M1 is the layer where **Content Addressing (CID) becomes the primary citisen**.
- **At M3/M2**: You are defining the shape of the language
- **At M1**: You are using that shape to create a specific **Value**
- **CID Assignment**: Because every CML artifact at M1 is a pure value, it gets a CID
- **Immutability**: If you change a single character, you create a **new** M1 artifact with a different CID
## 📂 The Distinction: M1 (Fact) vs. M4 (Assertion)

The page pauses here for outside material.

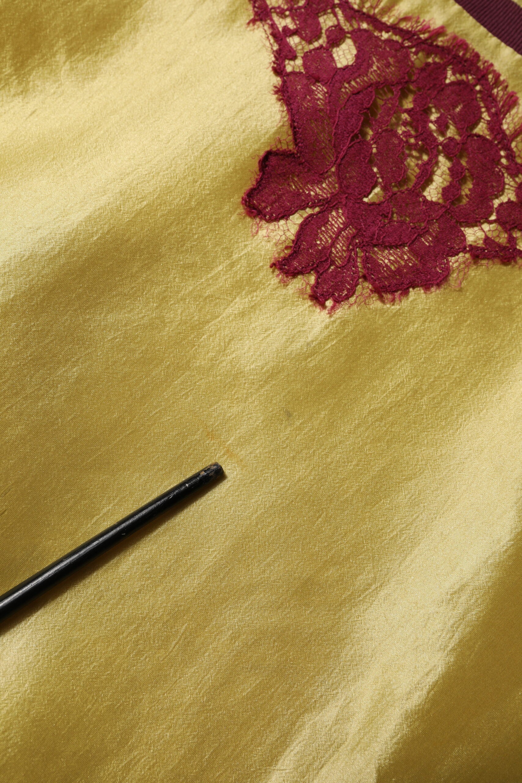 top is crafted from lustrous yellow silk satin, exuding luxury and sophistication. Featuring delicate floral lace detailing and short sleeves, it offers a feminine and refined look. Perfect for pairing with tailored trousers or skirts, this piece adds a touch of romantic elegance to any ensemble.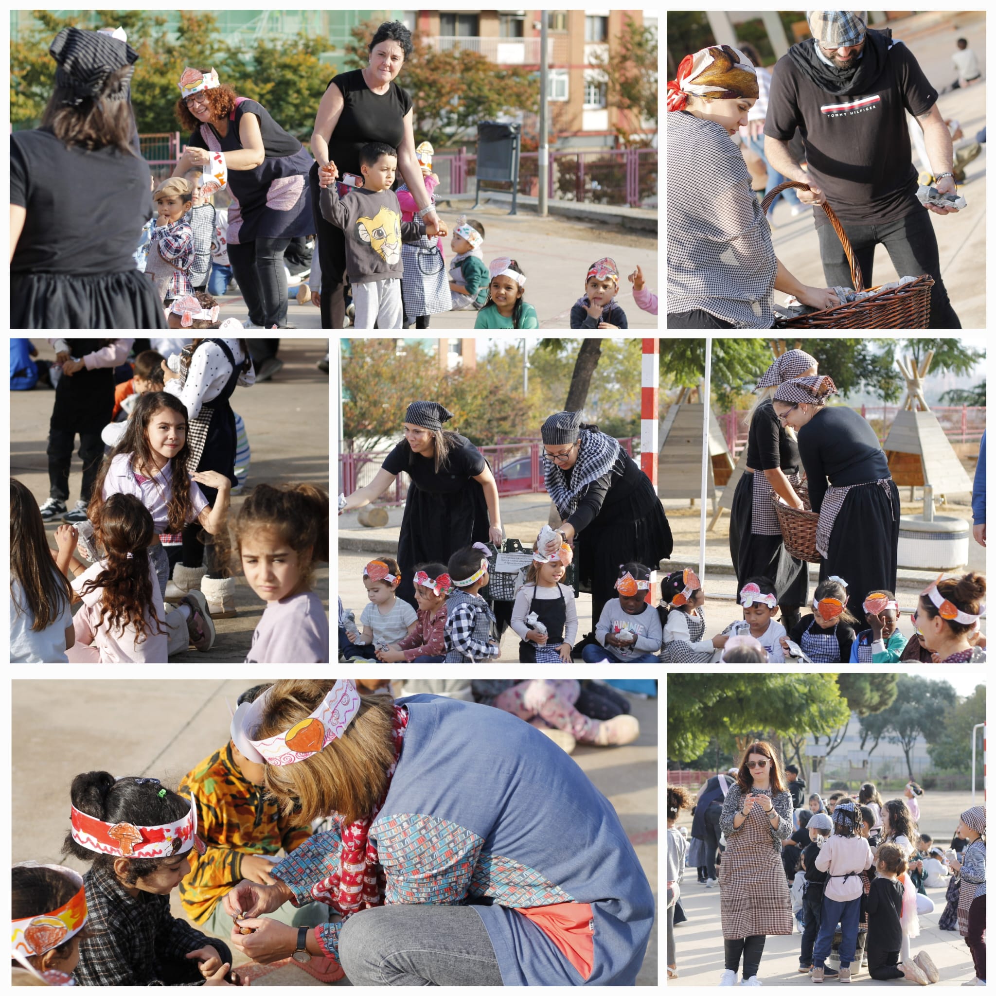 Una any més els infants s’han disfressat de castanyeres i castanyers… i les famílies també! Les Castanyeres i Castanyers ens han fet el tradicional bany i ens han donat un bon sac de castanyes abans de donar pas a la ballaruca!

| Layer | What Lives Here | Example |
|-------|----------------|---------|
| **M1 (The Artifact)** | `CID_Alpha` — "A function that adds 1." | Timeless, Anonymous, Absolute |
| **M4 (The Assertion)** | `DID_Alice` says "This CID_Alpha is version 1.0 of my math library." | Social context, authorship, versioning |
**The M1 layer is "Blind"** - it doesn't know who created it or why. It only knows its own algebraic truth. This makes CML artifacts perfectly interoperable without the "baggage" of social context.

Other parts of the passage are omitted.